How to steal card data on a mag stripe is widespread knowledge. An even more basic theft is one where the thief literally reads the printed card number right off of the card. In Canada’s EMV market, skimming with the aim to counterfeit a card is a dead sport. But Card-Not-Present fraud has increased in recent years. The Canadian Bankers Association produced the following figures:
2012Visa, MC, AMEX (CNP Losses Only)
+0.03%Debit / Interac(All Losses)
-45%Important Facts Visa/MC/Amex Liability Shift (Can.) 2011 Visa/MC/Amex Liability Shift (US.) 2015 Visa/MC/Amex Liability Shift (Europe) 2005/6 (!) Interac/Debit Cut-Off Date (Can.) 2015 Interac/Debit EMV Migration (Can.) 2010 - 2012
There are a few things to keep in mind about Canada’s debit network. The Interac cut-off date means that no terminals may process a non-EMV debit transaction beyond 2015 – it doesn’t merely pertain to a liability shift. Card issuers are well ahead of that deadline and have completed their EMV card migrations. Additionally, on-line debit in Canada is not yet widely used but it is growing in popularity. The figures in the chart above show us that as the EMV framework rendered it impossible to steal from a cardholder’s bank account through a counterfeited debit card, thieves shifted to credit card fraud. Notice how credit card fraud increased as EMV debit migration culminated, and then levelled off from 2011 to 2102. The levelling-off is attributable to the Canadian issuers’ near completion of the non-EMV to EMV card migration. So pretty soon the only type of card fraud that will be possible on Canadian-issued cards will be Card-Not-Present fraud.

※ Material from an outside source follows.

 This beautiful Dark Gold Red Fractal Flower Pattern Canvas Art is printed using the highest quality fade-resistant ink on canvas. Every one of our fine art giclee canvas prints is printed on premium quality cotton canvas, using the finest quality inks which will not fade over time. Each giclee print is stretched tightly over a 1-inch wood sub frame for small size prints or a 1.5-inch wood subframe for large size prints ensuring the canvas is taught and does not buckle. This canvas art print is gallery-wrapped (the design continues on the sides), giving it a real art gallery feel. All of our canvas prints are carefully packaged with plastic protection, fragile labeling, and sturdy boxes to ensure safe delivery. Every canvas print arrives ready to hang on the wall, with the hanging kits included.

This article champions a single novel idea: The issuance of cards without the card number printed on the face, and in some cases also omitted from the mag stripe. I think that there are enough cardholders prepared to adapt to this hypothetical new product for the benefit of its added level of security and privacy. If a cardholder forgets her number, she can always check her statement or portal. Despite the fact that we remember so few phone numbers anymore, we still have it in us to memorize a sixteen digit number.

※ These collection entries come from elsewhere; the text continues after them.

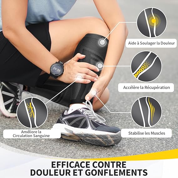 【Favorise la circulation sanguine des jambes】 Les manchons de mollet de compression sont spécialement conçus pour améliorer la circulation sanguine et réduire la douleur musculaire. En appliquant une pression précise, ils compressent les veines, réduisent le reflux sanguin et soulagent efficacement les varices. Ils favorisent également la circulation sanguine des jambes, éliminent l’œdème et réduisent la douleur.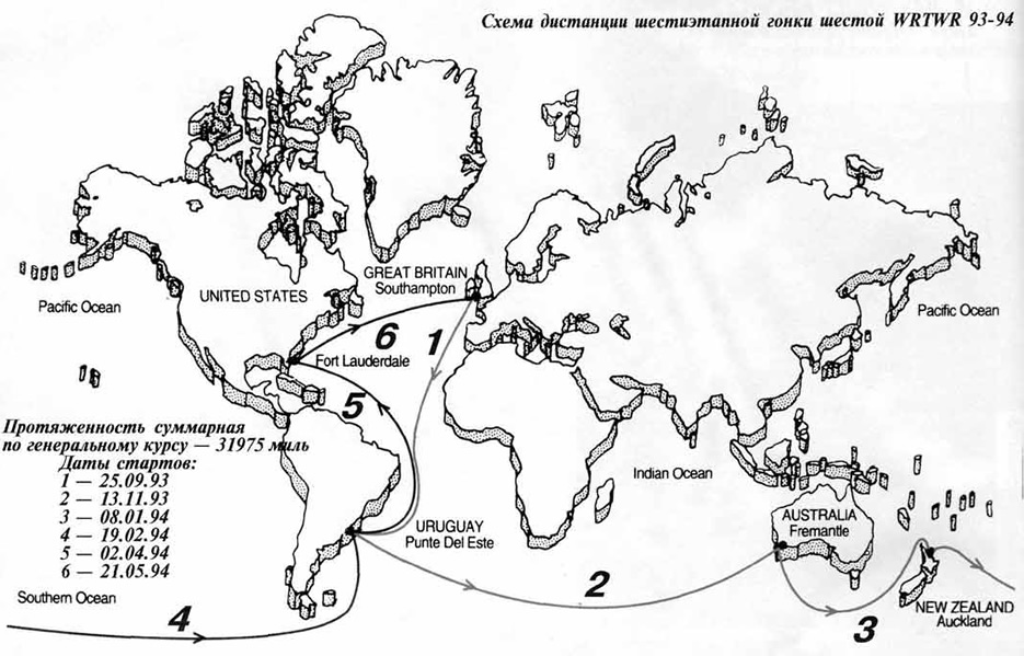 Постоянным читателям "КиЯ" можно не представлять традиционный кругосветный марафон, названный именем спонсора — широко известной пивоваренной фирмы "Уитбред". О первой гонке WRWR 1973-1974 гг. подробно рассказывалось в №41, №48 и №51, о второй (1977-78 гг.) — в №75, о третьей (1981-82 гг.) — в №101, о четвертой (1985-86 гг.) — в №126, о пятой (1989-90 гг.) — в №145, №146, №147, №148, №149, №150, №151.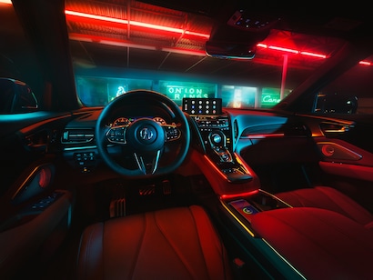 Step inside the new Acura RDX and be greeted by an inviting, premium space. The expertly crafted cabin features high-quality, soft-touch materials and attractive design elements throughout. Leatherette-trimmed upholstery comes standard, with perforated Milano premium leather available for an even more upscale look and feel. The Acura RDX A-Spec and Acura RDX Advance trims now come standard with full leather upholstery and enhanced ambient lighting.

How would numberless cards work and what are the benefits? Two types of cards would be required: For EMV cards the number needn't appear on the face nor on the mag stripe. This would work handsomely in a market like Canada's where nearly every terminal has an EMV reader. In a card present EMV environment (namely, where terminals can read EMV chips), the mag stripe and embossed number are entirely redundant. With a numberless card, the benefit here is that the number cannot be pilfered since it's not on the face, and not in plain text on the mag stripe.
In the pre-EMV US marketplace, the card number would have to remain on the mag stripe, but could be removed from the face. The benefit here is less than in Canada, but still noteworthy: A cashier or waiter could no longer copy the number down, and neither could your kid, both of whom might use the stolen number to make purchases on-line.

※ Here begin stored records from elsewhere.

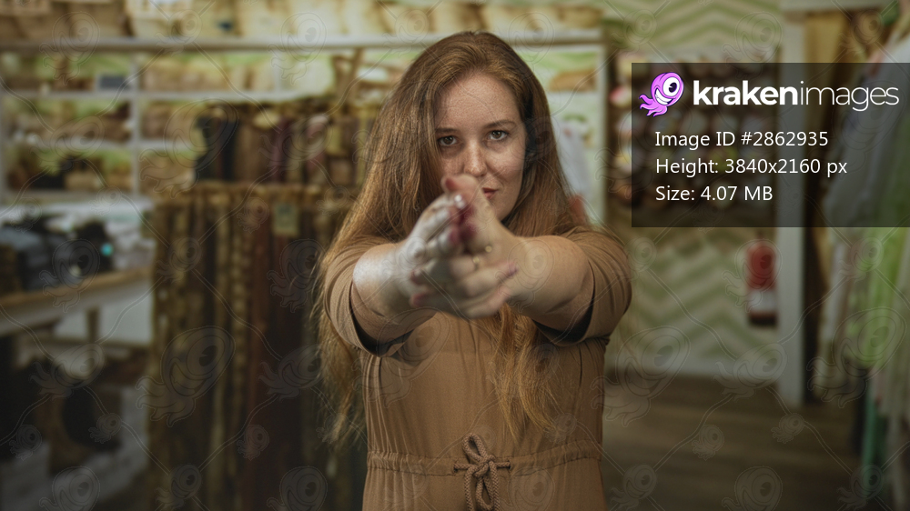 Redheaded woman with freckled face extends both hands to mimic pistol gesture in clothing store building; confidence.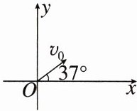 练6(2024·安徽模拟)如图所示,在 $ xOy $ 平面的第一象限内加一垂直于纸面向外、磁感应强度为 $ B $ 的匀强磁场,一质量为 $ m $、带电荷量为 $ q $ 的正电粒子(重力不计)从坐标原点以速度 $ v_0 $ 射入第一象限,速度方向与 $ x $ 轴正向成 $ 37° $ 角,粒子打在 $ x $ 轴上 $ P $ 点(图中未画出),若把磁场换为与 $ xOy $ 平面平行且与 $ x $ 轴正向成 $ 53° $ 角斜向下的匀强电场,同一粒子仍从坐标原点以同一速度 $ v_0 $ 射入,粒子也打在 $ P $ 点,已知 $ \sin 37° = 0.6 $,$ \cos 37° = 0.8 $,求: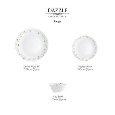 Elegant 18-piece opalware dinner set for 6, featuring full plates, quarter plates, and bowls. Lightweight, chip-resistant, bone-ash-free, and safe for microwave and dishwasher use. Ideal for daily meals and gifting.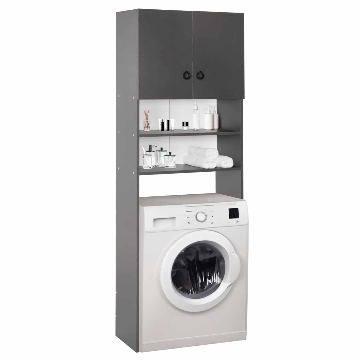 Σας παρουσιάζουμε το καινούριο έπιπλο για το πλυντήριο TERRY. Κατασκευασμένο από μελαμίνη σε όμορφο ΓΚΡΙ χρώμα, αποτελείται από ένα δίφυλλο ντουλάπι στο επάνω μέρος και 2 ανοιχτά ράφια στην μέση.

Numberless cards are not for everyone; firstly, cardholders wishing to make online purchases but not willing to memorize or safely store their card number probably won't want a numberless card. Secondly, an EMV card with no number on the mag stripe will not work in non-EMV venues since fallback to the mag stripe would fail (no card number in the track data). So travellers with numberless EMV cards will enjoy only limited acceptance, and might consider carrying a second card. But a traveller can certainly use a card with card data on the mag stripe and not embossed the front - this would work in EMV and non-EMV environments.
Savvy cardholders are a species growing in number. Many have been victims of fraud in the past, others read news and are aware of card-related fraud. There are also cardholders who understand the value of an ostensibly numberless card. The issuer who first goes to market with a numberless card product will enjoy benefits on several levels. It will realize reduced Card-Not-Present fraud losses, it will attract new customers who understand the value and appeal of this augmented level of security and privacy, and it will also enjoy a clientele with higher-than-average levels of technical intelligence and card know-how.